* [INFORMATION GIVEN]:
>>>>

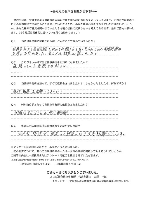 後遺症の辛さと様々な不安で身動きが取れなかったため、代行して下さり大変ありがたかった。補償も可能な限りで獲得していただけてよかった。
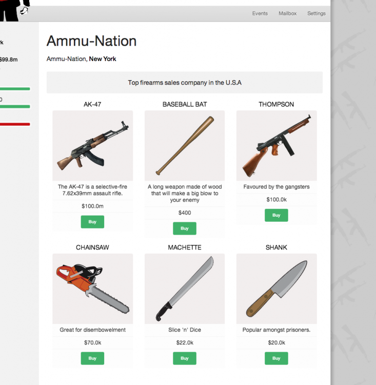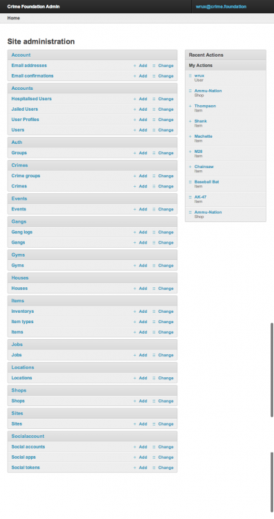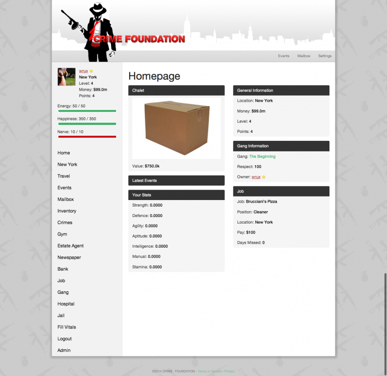 So recently i've taken on quite a few freelance projects and my project I started has been put on the sidelines. My game has been put on the sidelines which sucks but I have more important projects at the minute. I know that I will not have much time on it at all without dropping paid work which is also paying me money so i'm hoping that somebody could take it off my hands. I am selling my game Crime Foundation with the following: - Exclusive game rights. I will not keep any of the code and make my own project again later - Two domains; - - crimefoundation.com - - crime.foundation - I will transfer ownership of the domains and set up the game on your server. - A year long SSH certificate - I will also offer to help with the game and give you support for as long as you need it (within reason) Here are some screenshots. Some reason the chrome plugin I used to take the screenshots gitched out the page a bit on the admin screenshots. Saves me opening up photoshop to stitch a few screenshots together: [ATTACH=CONFIG]1612[/ATTACH] [ATTACH=CONFIG]1613[/ATTACH] The admin section uses an ACL (access control layer) so you can add administrative users really easily and choose what they have access to with only a few clicks as apposed to having to code it all in. The backend also has a lot of super easy controls for controlling pretty much everything in the database. [ATTACH=CONFIG]1614[/ATTACH] [ATTACH=CONFIG]1615[/ATTACH] You can add social accounts to the game (i've only got facebook and twitter) and this is also added in the backend with only HTML required to implement on the front end. If you are interested private message me. I'm not sure what I want for this, I have put a lot of hours into the development as it is a bespoke piece of software. I'm sure I could come up with a good deal .
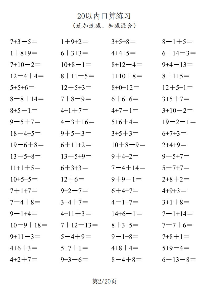一年级数学上册20以内口算_共20页
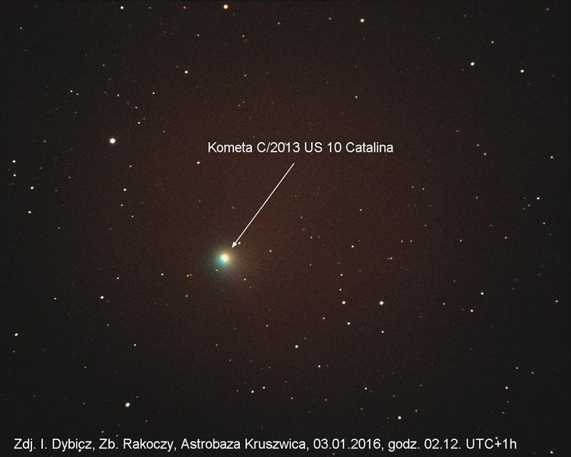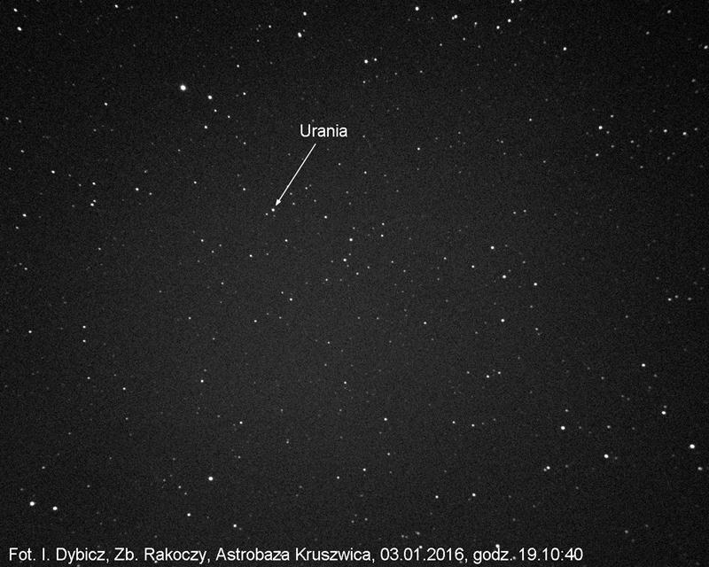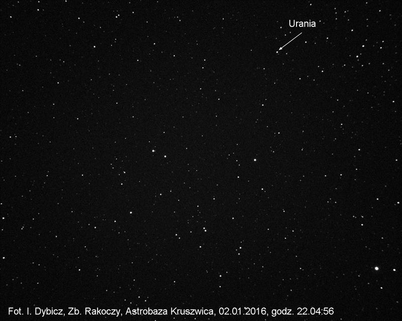 Zainspirowani informacją podaną w kalendarzu astronomicznym Uranii 6/2015 pt. „ Planety i planetoidy” postanowiliśmy w kruszwickiej Astrobazie zapolować na Uranię. Drugiego stycznia 2016 zapowiadała się mroźna i pogodna noc dlatego zaplanowaliśmy obserwacje i fotografowanie komety C/2013 US 10 Catalina. W trakcie oczekiwania na pojawienie się nad horyzontem komety podjęliśmy próbę sfotografowania planetoidy (30) Urania jeszcze przed przypadającą na 14 stycznia jej opozycją. Po ściągnięciu aktualnych efemeryd do programu Stelarrium ustawiliśmy teleskop na podaną pozycję. Odnalezienie jej nie było to łatwe, ponieważ program Stellarium tej samej wersji na różnych komputerach pokazywał inne położenia planetoidy. Po kilkunastu próbach udało się, ze 100 % pewnością, potwierdzić położenie Uranii wśród gwiazd gwiazdozbioru Bliźniąt. Wykorzystując program Maxim DL i sekwencyjne przełączanie zdjęć można było zaobserwować ruch planetoidy na tle innych gwiazd. Do obserwacji wykorzystaliśmy sprzęt będący na wyposażeniu naszej Astrobazy, teleskop APO 80 mm i kamerę Atik 460 EX. Zadowoleni z odnalezienia planetoidy o tak bliskiej nam nazwie mogliśmy już ze spokojem czekać na pojawienie się komety Catalina, która okazała sie obiektem dużo łatwiejszym do odnalezienia i sfotografowania. Następnego dnia około godziny 19-tej powtórzyliśmy obserwacje Uranii aby zobaczyć jej nowe położenie.
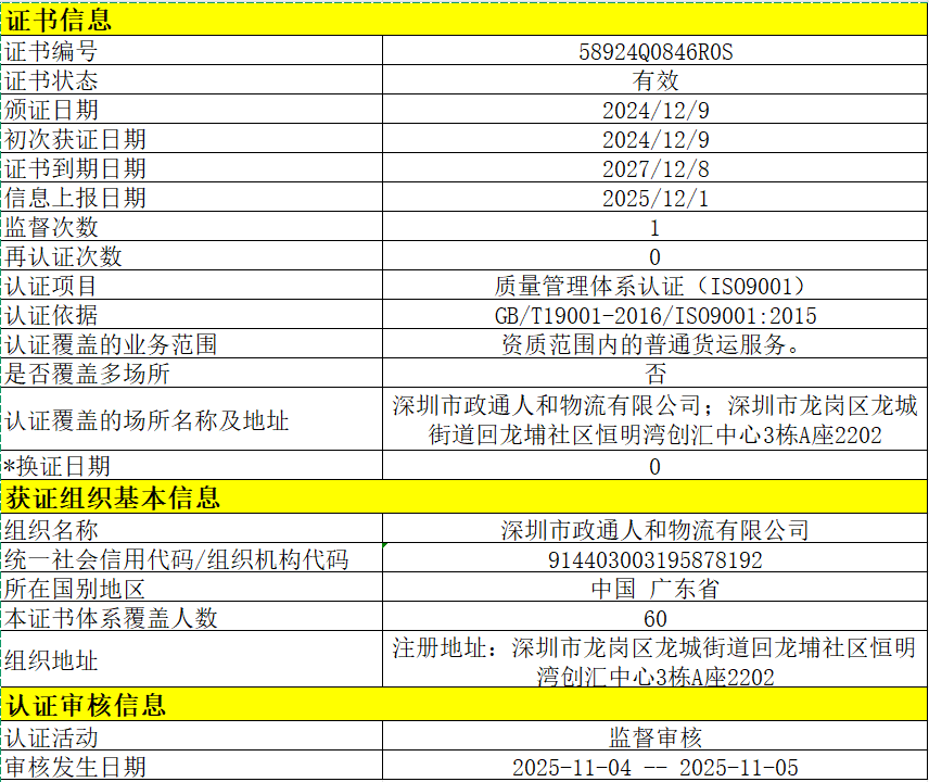 深圳市政通人和物流有限公司 58924Q0846R0S
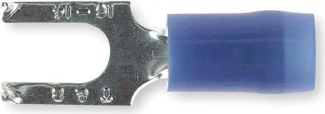 Fork Terminal, Contact Finish Tin, Contact Material Copper, Insulation Color Blue, Insulation Coverage Partial Coverage, Insulation Material Nylon, Maximum Operating Temperature 221 Degrees F, Maximum Voltage 600 V, Maximum Wire Size 14 AWG, Stud Size #10, Termination Style Crimp, Tongue Length 0.42 in, RoHS Compliant No, Seam Style Brazed, Standards CSA Certified, UL Listed, Barrel Length 0.42 in, Barrel Style Insulation Grip, Compatible Grainger Part Number 3KH46, 3KH52, 4XMR5. This item has been restricted from sale in the following state (s): []
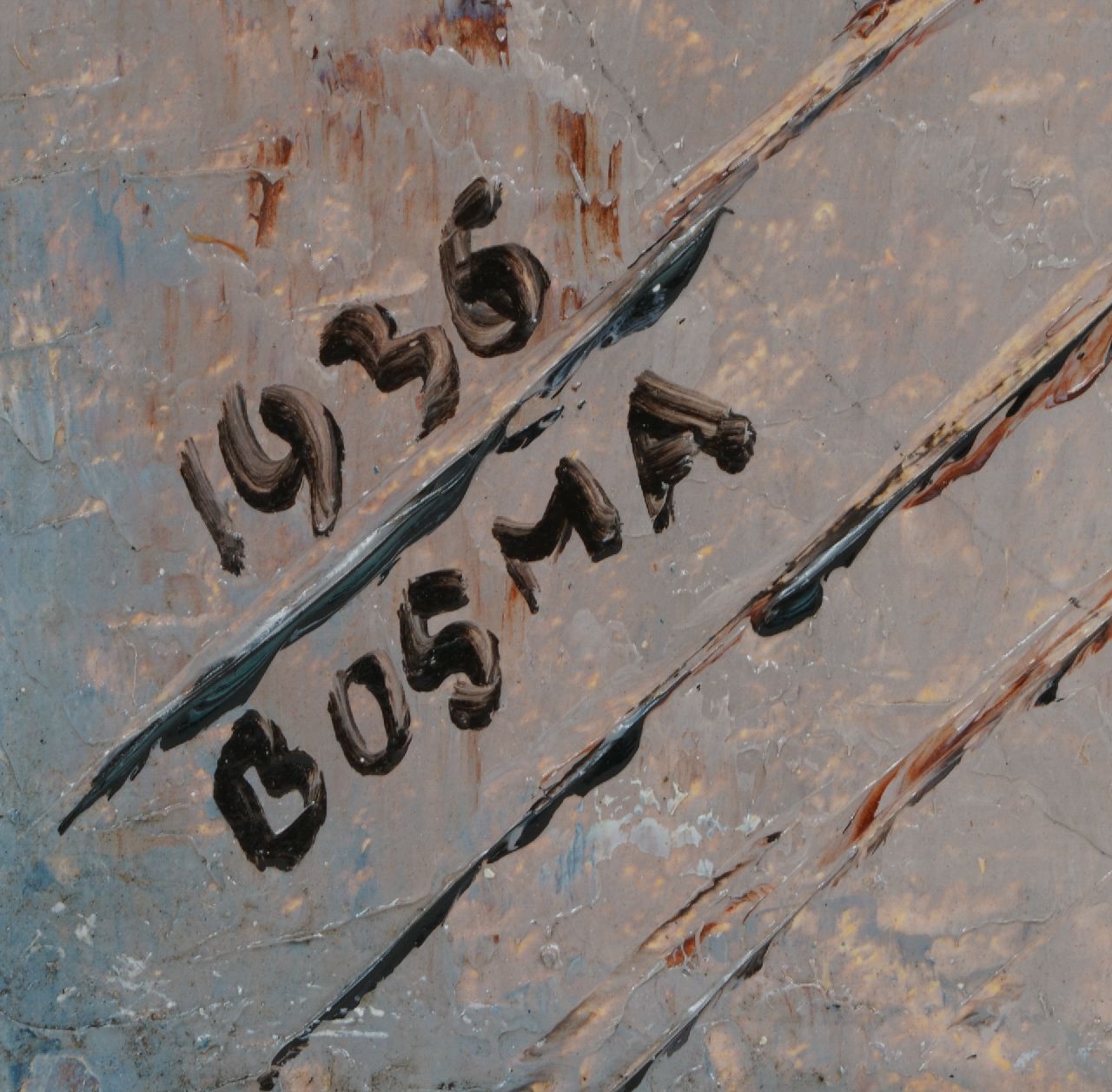 Wim Bosma voelde zich in de jaren 30 als schilder sterk aangetrokken tot de ‘wonderen' van de moderne techniek. Hij schilderde en aquarelleerde dan ook graag zaken als spoorwegviaducten, treinen, boten en vliegmachines in een nieuw-zakelijke, realistische stijl. Daarnaast laten zijn schilderijen invloed zien van het gematigde kubisme van André Lhote, waarbij de voorstelling bestaat uit lijnen en kleurvlakken die de vlakheid van het doek als het ware benadrukken. Na 1945 deden naast technische onderwerpen ook andere motieven hun intrede in zijn werk.

<<<<

* [WHAT IS REQUIRED]:
Exact copies of the entries above are needed, without their pictures.

* [TASK ANSWER]:
 後遺症の辛さと様々な不安で身動きが取れなかったため、代行して下さり大変ありがたかった。補償も可能な限りで獲得していただけてよかった。
 So recently i've taken on quite a few freelance projects and my project I started has been put on the sidelines. My game has been put on the sidelines which sucks but I have more important projects at the minute. I know that I will not have much time on it at all without dropping paid work which is also paying me money so i'm hoping that somebody could take it off my hands. I am selling my game Crime Foundation with the following: - Exclusive game rights. I will not keep any of the code and make my own project again later - Two domains; - - crimefoundation.com - - crime.foundation - I will transfer ownership of the domains and set up the game on your server. - A year long SSH certificate - I will also offer to help with the game and give you support for as long as you need it (within reason) Here are some screenshots. Some reason the chrome plugin I used to take the screenshots gitched out the page a bit on the admin screenshots. Saves me opening up photoshop to stitch a few screenshots together: [ATTACH=CONFIG]1612[/ATTACH] [ATTACH=CONFIG]1613[/ATTACH] The admin section uses an ACL (access control layer) so you can add administrative users really easily and choose what they have access to with only a few clicks as apposed to having to code it all in. The backend also has a lot of super easy controls for controlling pretty much everything in the database. [ATTACH=CONFIG]1614[/ATTACH] [ATTACH=CONFIG]1615[/ATTACH] You can add social accounts to the game (i've only got facebook and twitter) and this is also added in the backend with only HTML required to implement on the front end. If you are interested private message me. I'm not sure what I want for this, I have put a lot of hours into the development as it is a bespoke piece of software. I'm sure I could come up with a good deal .
一年级数学上册20以内口算_共20页
 Zainspirowani informacją podaną w kalendarzu astronomicznym Uranii 6/2015 pt. „ Planety i planetoidy” postanowiliśmy w kruszwickiej Astrobazie zapolować na Uranię. Drugiego stycznia 2016 zapowiadała się mroźna i pogodna noc dlatego zaplanowaliśmy obserwacje i fotografowanie komety C/2013 US 10 Catalina. W trakcie oczekiwania na pojawienie się nad horyzontem komety podjęliśmy próbę sfotografowania planetoidy (30) Urania jeszcze przed przypadającą na 14 stycznia jej opozycją. Po ściągnięciu aktualnych efemeryd do programu Stelarrium ustawiliśmy teleskop na podaną pozycję. Odnalezienie jej nie było to łatwe, ponieważ program Stellarium tej samej wersji na różnych komputerach pokazywał inne położenia planetoidy. Po kilkunastu próbach udało się, ze 100 % pewnością, potwierdzić położenie Uranii wśród gwiazd gwiazdozbioru Bliźniąt. Wykorzystując program Maxim DL i sekwencyjne przełączanie zdjęć można było zaobserwować ruch planetoidy na tle innych gwiazd. Do obserwacji wykorzystaliśmy sprzęt będący na wyposażeniu naszej Astrobazy, teleskop APO 80 mm i kamerę Atik 460 EX. Zadowoleni z odnalezienia planetoidy o tak bliskiej nam nazwie mogliśmy już ze spokojem czekać na pojawienie się komety Catalina, która okazała sie obiektem dużo łatwiejszym do odnalezienia i sfotografowania. Następnego dnia około godziny 19-tej powtórzyliśmy obserwacje Uranii aby zobaczyć jej nowe położenie.
 深圳市政通人和物流有限公司 58924Q0846R0S
 Fork Terminal, Contact Finish Tin, Contact Material Copper, Insulation Color Blue, Insulation Coverage Partial Coverage, Insulation Material Nylon, Maximum Operating Temperature 221 Degrees F, Maximum Voltage 600 V, Maximum Wire Size 14 AWG, Stud Size #10, Termination Style Crimp, Tongue Length 0.42 in, RoHS Compliant No, Seam Style Brazed, Standards CSA Certified, UL Listed, Barrel Length 0.42 in, Barrel Style Insulation Grip, Compatible Grainger Part Number 3KH46, 3KH52, 4XMR5. This item has been restricted from sale in the following state (s): []
 Wim Bosma voelde zich in de jaren 30 als schilder sterk aangetrokken tot de ‘wonderen' van de moderne techniek. Hij schilderde en aquarelleerde dan ook graag zaken als spoorwegviaducten, treinen, boten en vliegmachines in een nieuw-zakelijke, realistische stijl. Daarnaast laten zijn schilderijen invloed zien van het gematigde kubisme van André Lhote, waarbij de voorstelling bestaat uit lijnen en kleurvlakken die de vlakheid van het doek als het ware benadrukken. Na 1945 deden naast technische onderwerpen ook andere motieven hun intrede in zijn werk.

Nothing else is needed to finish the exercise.